Given information
▬▬▬▬▬▬

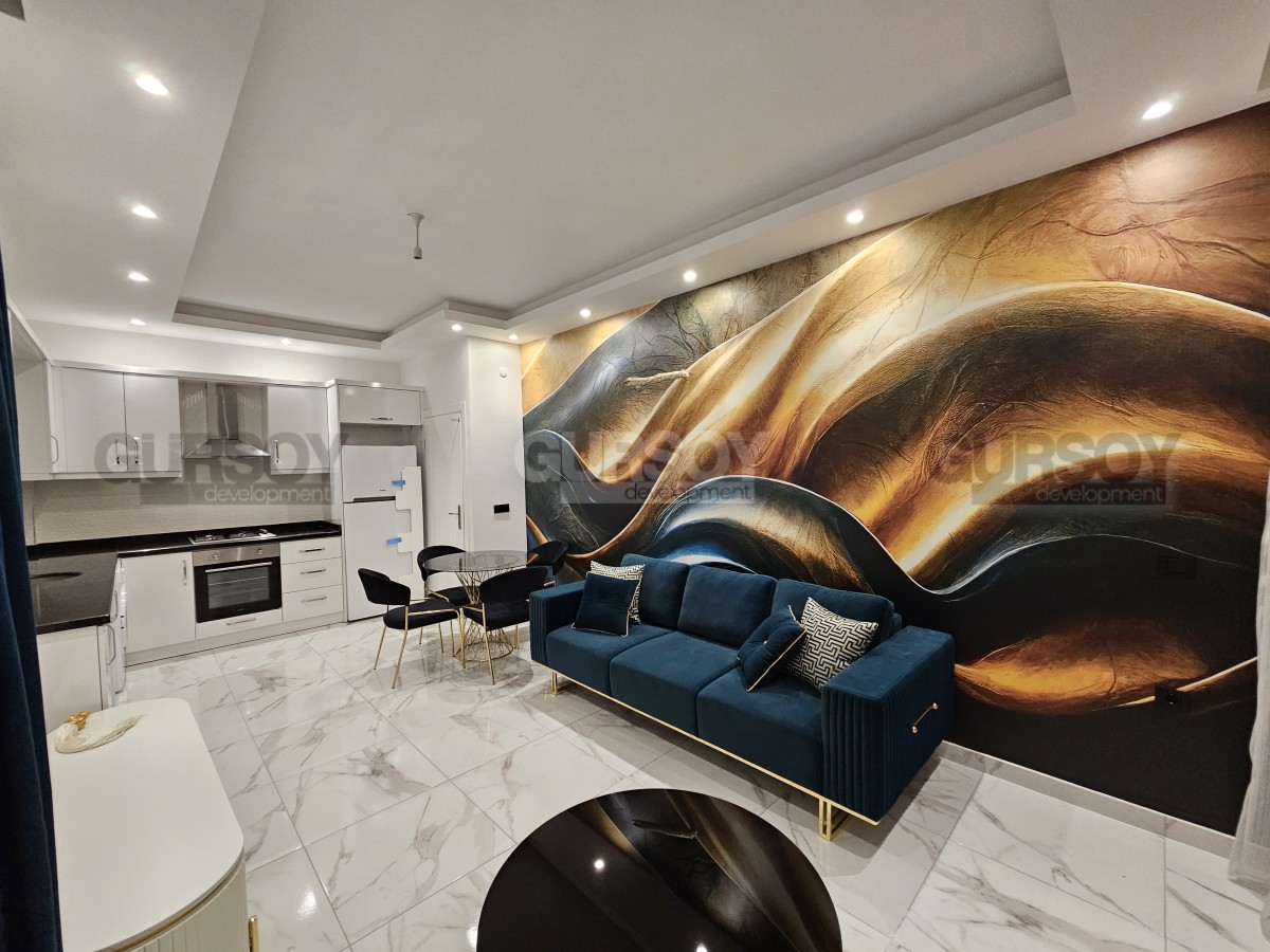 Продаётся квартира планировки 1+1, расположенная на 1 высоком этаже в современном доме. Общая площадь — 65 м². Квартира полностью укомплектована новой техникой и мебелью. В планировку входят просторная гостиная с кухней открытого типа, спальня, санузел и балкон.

▬▬▬▬▬▬

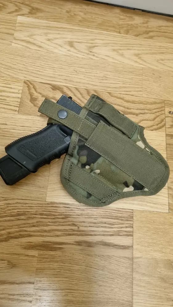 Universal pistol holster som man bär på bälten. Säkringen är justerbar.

▬▬▬▬▬▬

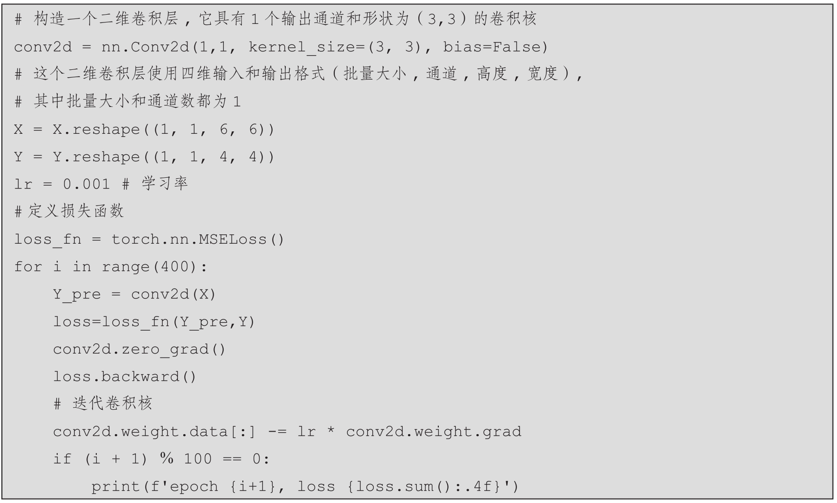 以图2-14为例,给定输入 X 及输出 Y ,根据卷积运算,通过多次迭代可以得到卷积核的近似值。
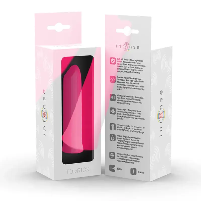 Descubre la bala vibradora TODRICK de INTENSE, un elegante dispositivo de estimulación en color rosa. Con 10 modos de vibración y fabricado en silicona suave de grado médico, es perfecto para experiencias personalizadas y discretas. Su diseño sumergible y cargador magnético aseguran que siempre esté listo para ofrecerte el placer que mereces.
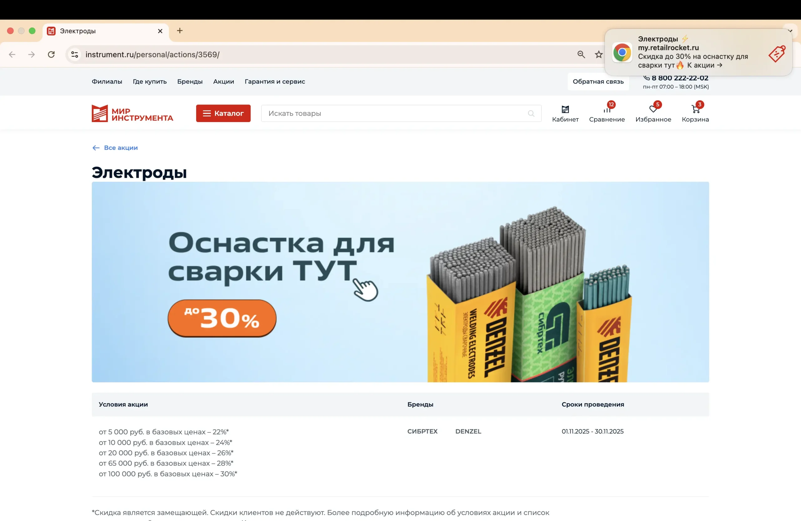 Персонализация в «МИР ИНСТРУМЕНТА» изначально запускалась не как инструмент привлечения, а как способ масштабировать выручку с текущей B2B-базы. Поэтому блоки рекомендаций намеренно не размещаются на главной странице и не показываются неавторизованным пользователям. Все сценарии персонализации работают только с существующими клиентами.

▬▬▬▬▬▬

Task to complete
Transcribe the lines above exactly, beginning at the one with "Descubre la bala" and ending at the one with "с существующими клиентами.". Include both; exclude the pictures.

Expected output
 Descubre la bala vibradora TODRICK de INTENSE, un elegante dispositivo de estimulación en color rosa. Con 10 modos de vibración y fabricado en silicona suave de grado médico, es perfecto para experiencias personalizadas y discretas. Su diseño sumergible y cargador magnético aseguran que siempre esté listo para ofrecerte el placer que mereces.
 Персонализация в «МИР ИНСТРУМЕНТА» изначально запускалась не как инструмент привлечения, а как способ масштабировать выручку с текущей B2B-базы. Поэтому блоки рекомендаций намеренно не размещаются на главной странице и не показываются неавторизованным пользователям. Все сценарии персонализации работают только с существующими клиентами.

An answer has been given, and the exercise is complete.